# WHAT IS NEEDED
Once the line holding "7月23日,按照南京市防疫指" is found in the entries below, transcribe exactly every line up to and including the one holding "In the 1870s, Dover", but leave out the pictures.

# RECORDS FOR THIS EXERCISE

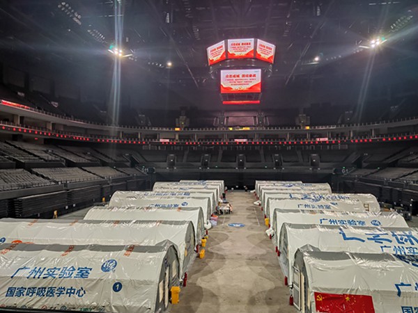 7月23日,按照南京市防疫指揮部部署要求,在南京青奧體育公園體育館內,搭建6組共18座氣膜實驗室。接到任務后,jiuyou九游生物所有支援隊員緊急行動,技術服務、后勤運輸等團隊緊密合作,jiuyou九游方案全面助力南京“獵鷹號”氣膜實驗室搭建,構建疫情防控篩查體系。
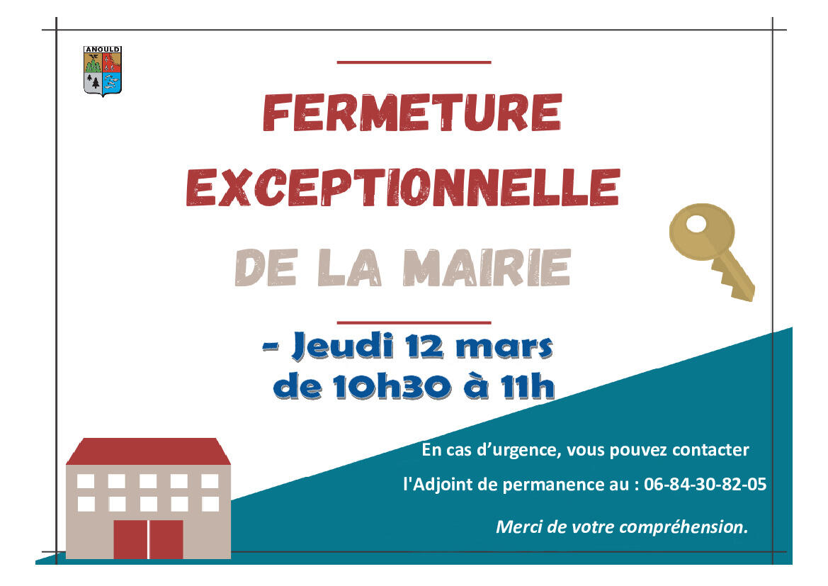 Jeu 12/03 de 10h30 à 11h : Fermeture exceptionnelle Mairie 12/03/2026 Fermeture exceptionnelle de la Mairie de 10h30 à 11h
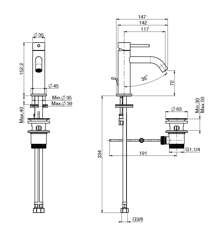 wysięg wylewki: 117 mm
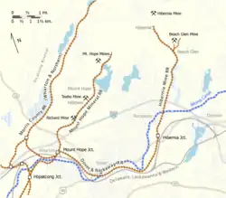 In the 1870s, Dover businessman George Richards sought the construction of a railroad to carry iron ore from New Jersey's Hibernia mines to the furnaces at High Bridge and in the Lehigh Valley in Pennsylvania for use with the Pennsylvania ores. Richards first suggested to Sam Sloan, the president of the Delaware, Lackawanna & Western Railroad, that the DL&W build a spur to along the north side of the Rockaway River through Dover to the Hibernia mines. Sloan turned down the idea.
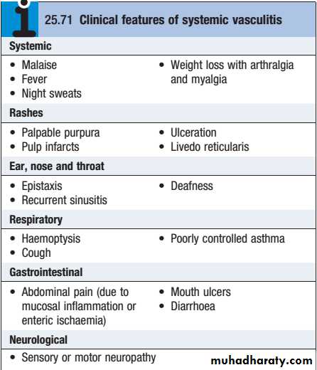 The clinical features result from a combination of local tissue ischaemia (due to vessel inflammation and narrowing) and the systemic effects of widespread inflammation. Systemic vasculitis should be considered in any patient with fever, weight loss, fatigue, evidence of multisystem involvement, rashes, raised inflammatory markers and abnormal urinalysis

==

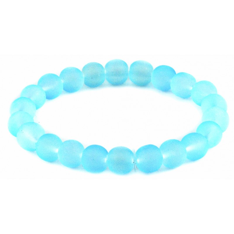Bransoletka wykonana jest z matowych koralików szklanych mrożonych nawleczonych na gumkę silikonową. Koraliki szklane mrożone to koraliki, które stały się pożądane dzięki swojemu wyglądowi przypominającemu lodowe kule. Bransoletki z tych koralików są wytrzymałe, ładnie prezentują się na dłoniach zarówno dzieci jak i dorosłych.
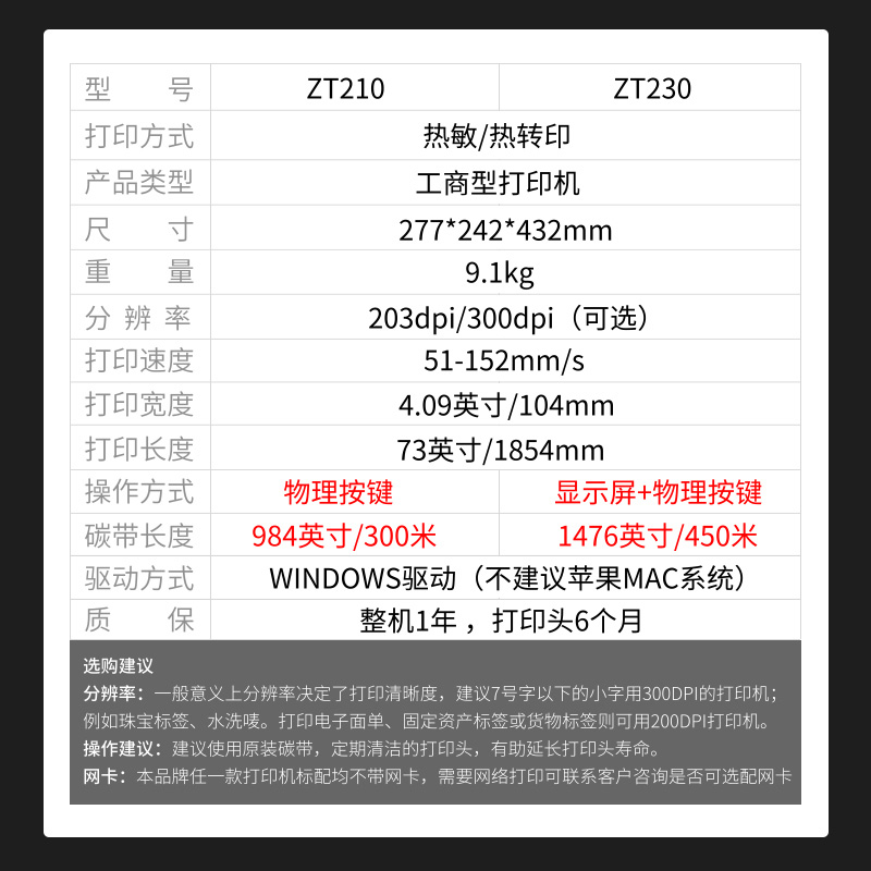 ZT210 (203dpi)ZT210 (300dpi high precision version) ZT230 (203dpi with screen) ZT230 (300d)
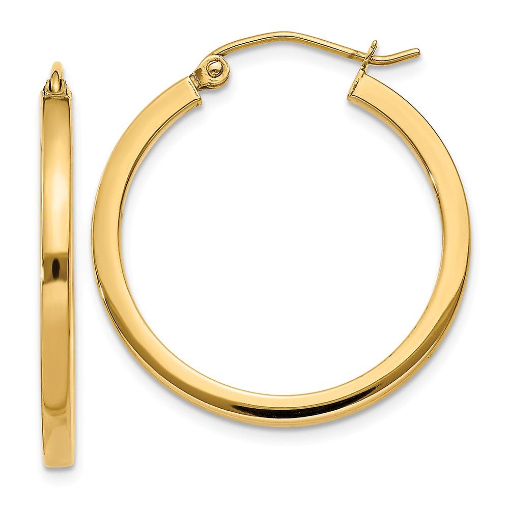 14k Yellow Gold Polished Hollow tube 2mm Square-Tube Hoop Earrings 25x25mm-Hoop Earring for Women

# TASK SOLUTION
 7月23日,按照南京市防疫指揮部部署要求,在南京青奧體育公園體育館內,搭建6組共18座氣膜實驗室。接到任務后,jiuyou九游生物所有支援隊員緊急行動,技術服務、后勤運輸等團隊緊密合作,jiuyou九游方案全面助力南京“獵鷹號”氣膜實驗室搭建,構建疫情防控篩查體系。
 Jeu 12/03 de 10h30 à 11h : Fermeture exceptionnelle Mairie 12/03/2026 Fermeture exceptionnelle de la Mairie de 10h30 à 11h
 wysięg wylewki: 117 mm
 In the 1870s, Dover businessman George Richards sought the construction of a railroad to carry iron ore from New Jersey's Hibernia mines to the furnaces at High Bridge and in the Lehigh Valley in Pennsylvania for use with the Pennsylvania ores. Richards first suggested to Sam Sloan, the president of the Delaware, Lackawanna & Western Railroad, that the DL&W build a spur to along the north side of the Rockaway River through Dover to the Hibernia mines. Sloan turned down the idea.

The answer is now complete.